Peer review obviously plays different roles in different contexts, and the different types of peer review are expected to play different roles. Classical and informed, standards-based peer review play important roles in decision-making. Modified peer review plays a role as a rewarding as well as a naming and shaming technology in some situations, followed by change and improvement initiatives, and extended peer review plays a role as a learning process also in some situations, followed by change and improvement initiatives.

However, there is more to it. Modified and extended peer review processes as well as peer review related to educational evaluation constitute arenas for struggles about autonomy and legitimacy. If universities are able to be accountable and maintain order in their own house, they may keep the authorities at a distance, thereby protecting institutional autonomy. University-initiated modified and extended peer review processes thus aim at securing that the authorities experience the activities as legitimate, and authority-initiated modified and extended peer review processes aim at securing that the political leadership and citizens experience the activities as legitimate. In this way peer review processes link to policy processes and questions about how to distribute resources in university systems.

Still, one can wonder what the balance is between costs and values both in modified and in extended peer review.
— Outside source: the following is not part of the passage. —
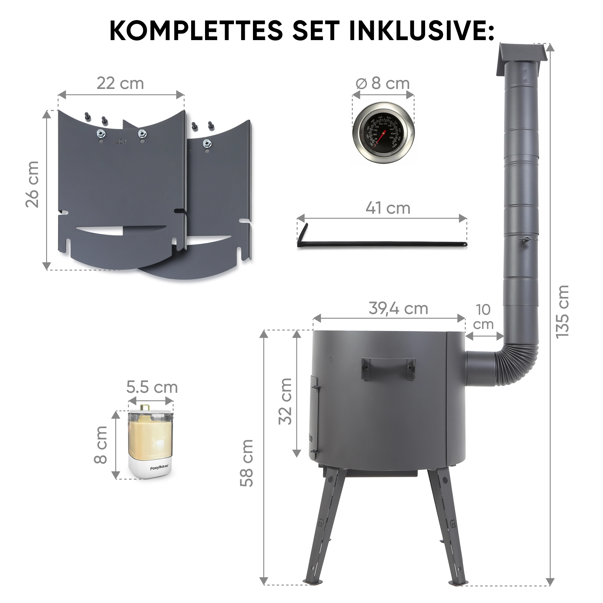 Das Modell besteht aus einem robusten Metallzylinder und wird als praktisches Komplett-Set geliefert: abnehmbare Standfüße, Tür, Feuerhaken, Thermometer, zwei abnehmbare Seitentische sowie ein automatischer Zahnstocher-Dispenser gehören bereits dazu.

As the examples have shown, these processes often involve many peers as well as a considerable amount of university staff, and thus occupy many working hours, which could have been used for doing research. Likewise, quality assurance in education often demands considerable paperwork, occupying considerable administrative resources and probably building up a new administrative layer specialized in evaluation. Future studies should look into this. Further, future studies should pay attention to the linkages between managerialism and peer review practices, and put focus on the consequences of managerialism encircling peer review practices.